Federal Express has withdrawn its full-year guidance amid much weaker first-quarter earnings and revenue. The company has announced that it is also cutting costs after the global volume of shipments was softer than expected.
As part of its measures to slash expenses, FedEx plans to close 90 of its offices and postpone hiring for now. The company is also closing five of its corporate locations, canceling projects, and reducing its flights.
FedEx CEO Raj Subramaniam said in a news release, “Global volumes declined as macroeconomic trends significantly worsened later in the quarter, both internationally and in the U.S. While this performance is disappointing, we are aggressively accelerating cost reduction efforts.”
FedEx released its quarterly results earlier than expected and planned to hold a conference call with its executive next week.
For the fiscal quarter ending August 31, FedEx reported earnings per share of $3.44. According to Refinitiv, Wall Street analysts had predicted $5.14 per share. The company’s revenue came in at $23.2 billion, slightly shorter than the $23.59 billion forecast. FedEx also had $1.23 billion in adjusted operating income for the quarter.

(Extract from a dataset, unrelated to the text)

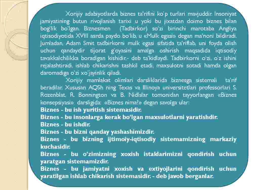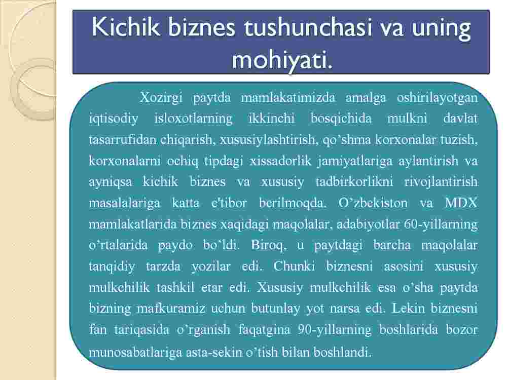 1. Kichik biznes tushunchasi va uning mohiyati.

The weak results prompted FedEx to withdraw a full-year 2023 forecast it put out in June. FedEx also slashed its forecast for capital expenditure for next year by $500 million and called for $6.3 billion.
FedEx said there was weakness in Asia and challenges to European service that contributed to underperforming in the first quarter. Collectively, the factors impacted the volumes of shipments while operating expenses continued to increase.
The company expects that it will have at least $2.75 earnings per share for its fiscal second quarter, with revenue between $23.5 billion to $24 billion. Wall Street analysts had predicted $5.48 earnings per share with $24.86 billion in revenue.
During extended trading on Thursday, FedEx shares were around 23 percent lower.